Iain Sinclair's essay, The Raging Peloton, in the current (January 20th) issue of London Review Of Books, makes a good companion-piece to Made In Dagenham, dealing as it does with cultural history, politics, and the relation of the bicycle to faux socialism.
We see the plethora of bicycles coming and going from the Ford Dagenham factory, pedalled by the workers there who could not afford a car. With the inimitable Bob Hoskins taking a lead role with Sally Hawkins and an excellent supporting cast including Miranda Richardson as Barbara Castle, MADE IN DAGENHAM is an unsentimental look at the way of life effectively destroyed by Margaret Thatcher and the Tories before Tony Blair, selling out the Labour Party's socialist ideals in order to take power, buried it forever.
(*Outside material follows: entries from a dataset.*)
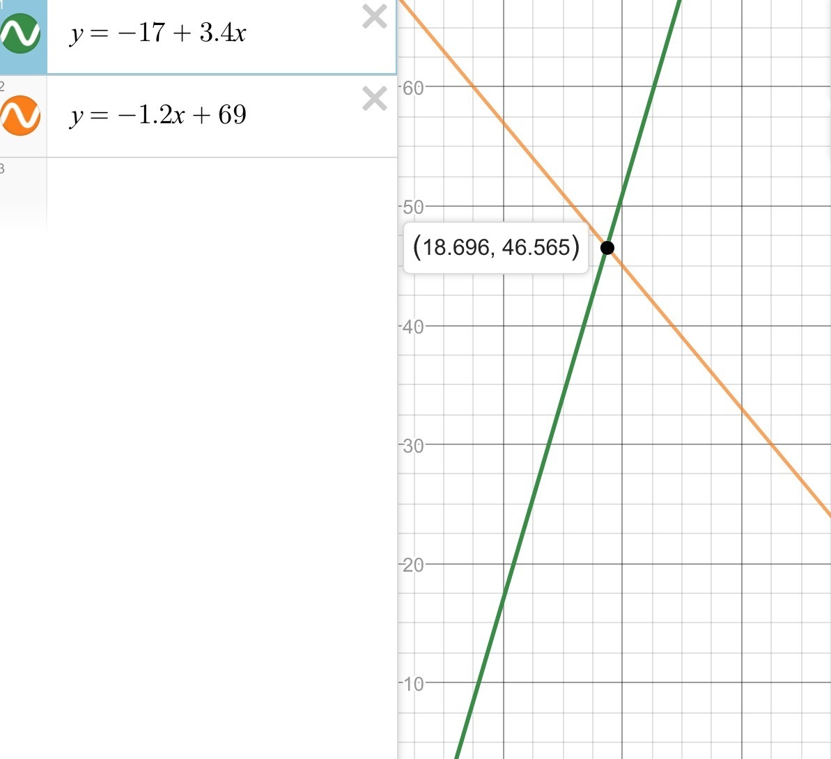 найдите координаты точек пересечения графиков функций:1)у=-6х+1 и у=5х+9; 2)у=-17+3,4х и у=-1,2х+69; 3)у=21-9х и у=-2,5х+8; 4)у=16,2+8х и у=-0,8х+7,4
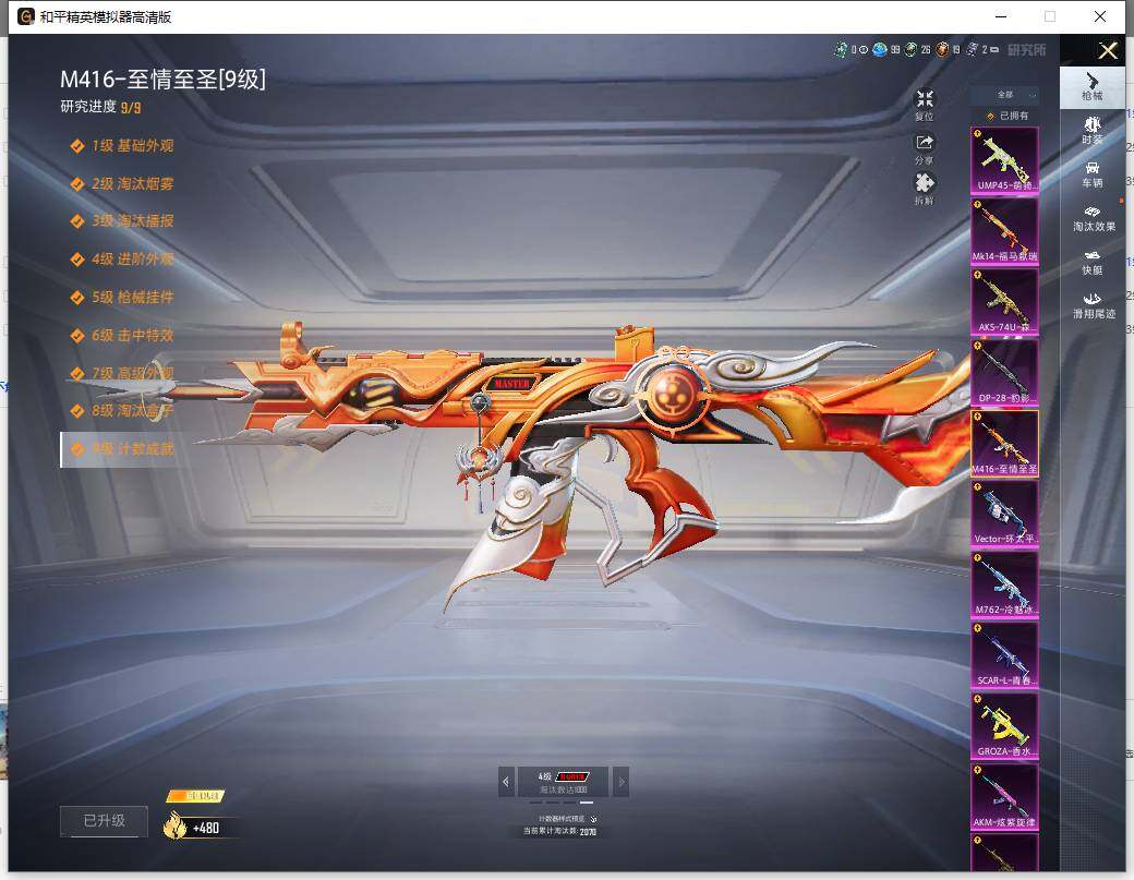 AKM-炫紫旋律,SCAR-L-青春物语,M416-五爪金龙,M416-至情至圣,GROZA-香水柠檬,M762-冷魅冰骑,Vector-环太平洋
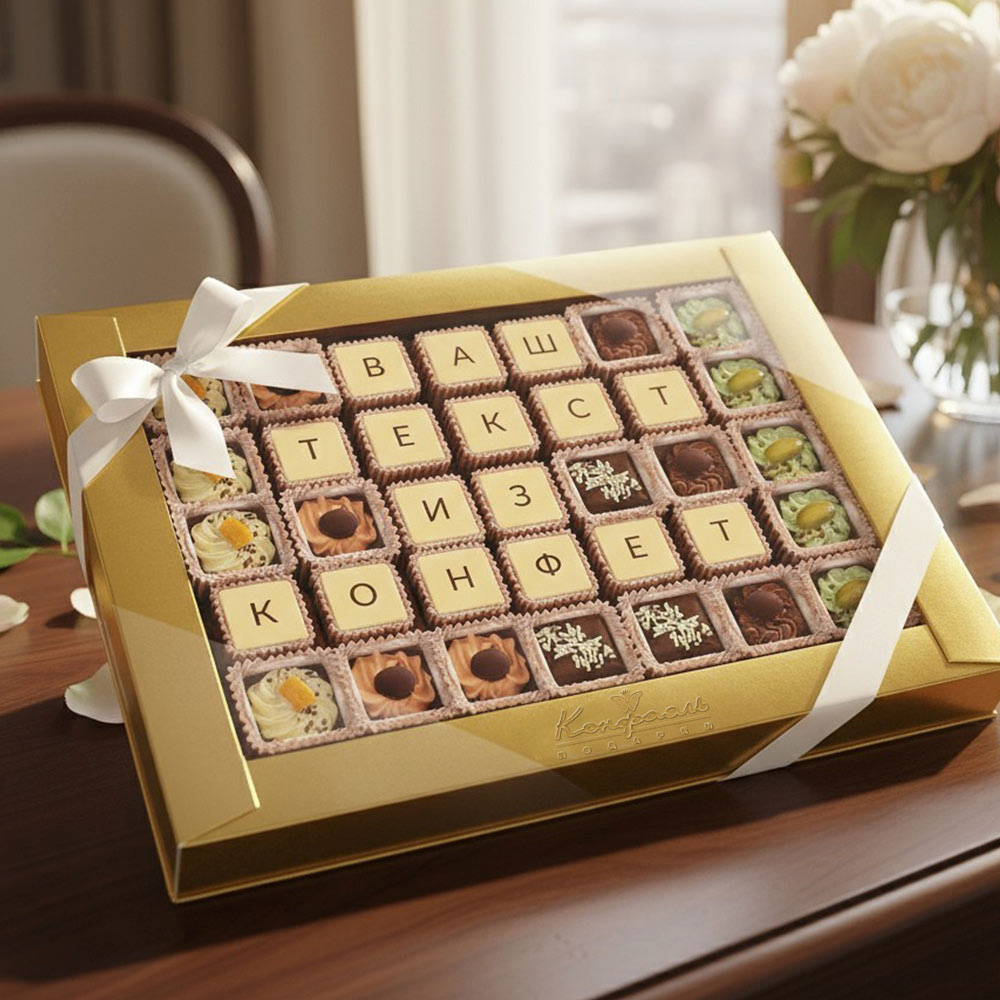 Текст выкладывается съедобной шоколадной мозаикой, которую с удовольствием съест получатель.
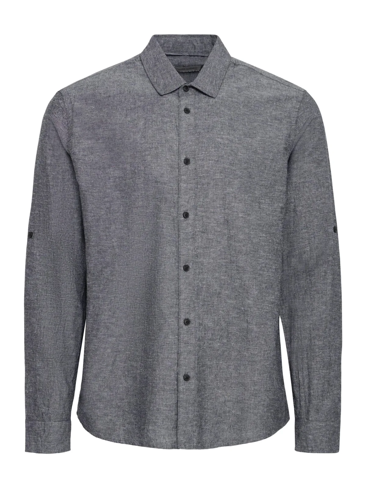 BLEND Overhemd ‘ BHAban Slub Linen Mix ‘ zwart
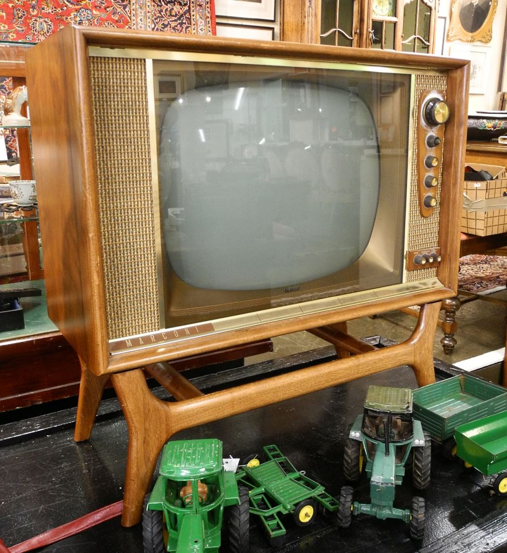 LOT 310 Marconi Television, 30 5/8" Wide. Estimate: $50 - $100 Sold For: $130 Auction Date: Tuesday, July 12 2022 at 6:00 PM
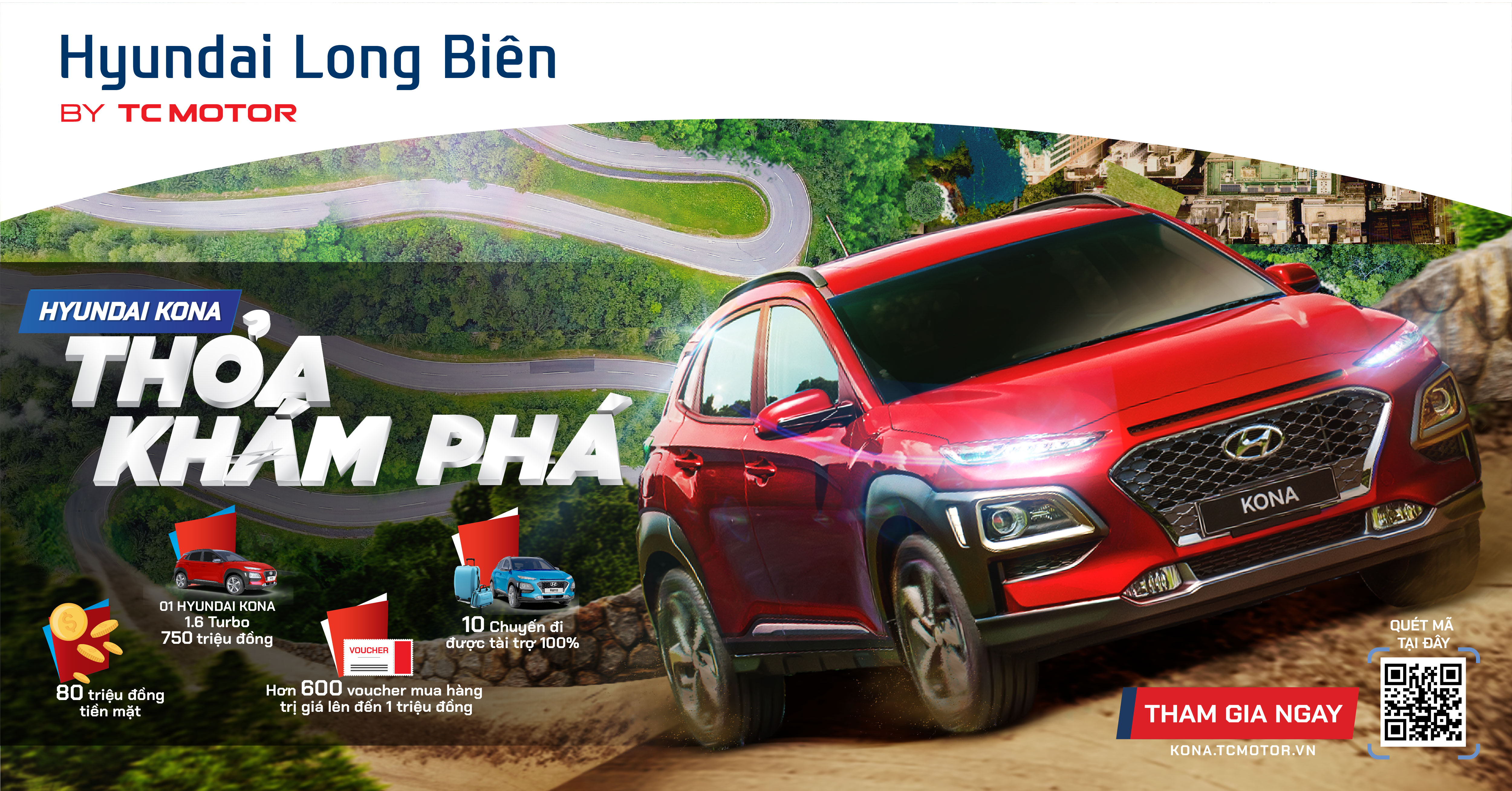 TC MOTOR chính thức triển khai chương trình: “Kona – Thoả khám phá” với giải thưởng lớn nhất là 01 chiếc xe Hyundai Kona 1.6 Turbo trị giá 750 triệu đồng, 10 chuyến du lịch miễn phí để khám phá 10 cung đường đẹp nhất Việt Nam cùng các ekip hot travel blogger và hàng trăm phần thưởng có giá trị khác
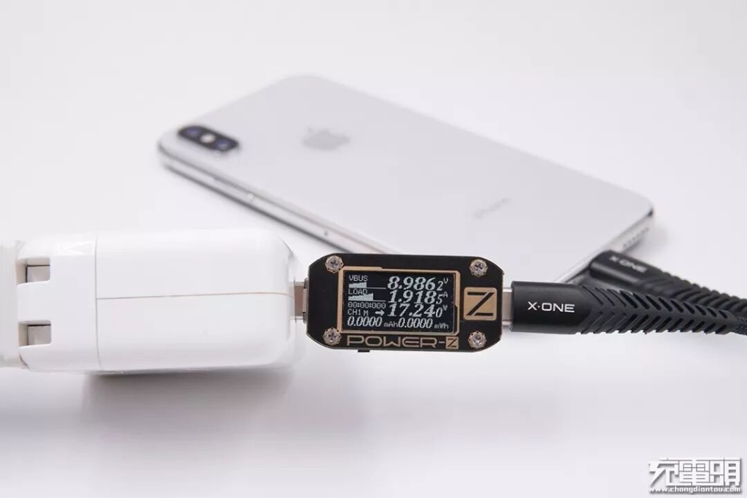 使用X·ONE USB-C to Lightning数据线+苹果30W PD充电器给iPhone X充电,电压8.98V,电流1.91A,功率17.24W,开启PD快充。

The mode is resurrected some in Mike Leigh's most recent masterwork, ANOTHER YEAR, his film of middle Britain's no-exit misery, with the best-we-can-hope-for almost cartoon "happy marriage" of Tom and Gerri, sunk into their soggy allotment, and with their goody-goody son and his sudsy-extrovert occupational therapist girlfriend, balanced against denial, dysfunction, disappointment, despair and death, with a stunning performance by Lesley Manville as Mary, in the throes of her lonely, sad, and drunken descent, and by all of the Leigh ensemble. ANOTHER YEAR is a kind of British response to Eric Rohmer's Parisian up-beat joie de vivre if you will, a take, as Leigh has said on "how to give love and affection" without going over-the-top, which is to say, stiff-upper-lip, have a chat, and drink your tea.
MADE IN DAGENHAM is, despite its one Dickensian death, an attempt at a feel-good well-paced feminist movie which pulls no punches in its Retro look at UK life during the time when most Americans regarded Britain only through the superficial lens of "swinging London" and music for export and Carnaby Street fashion hype.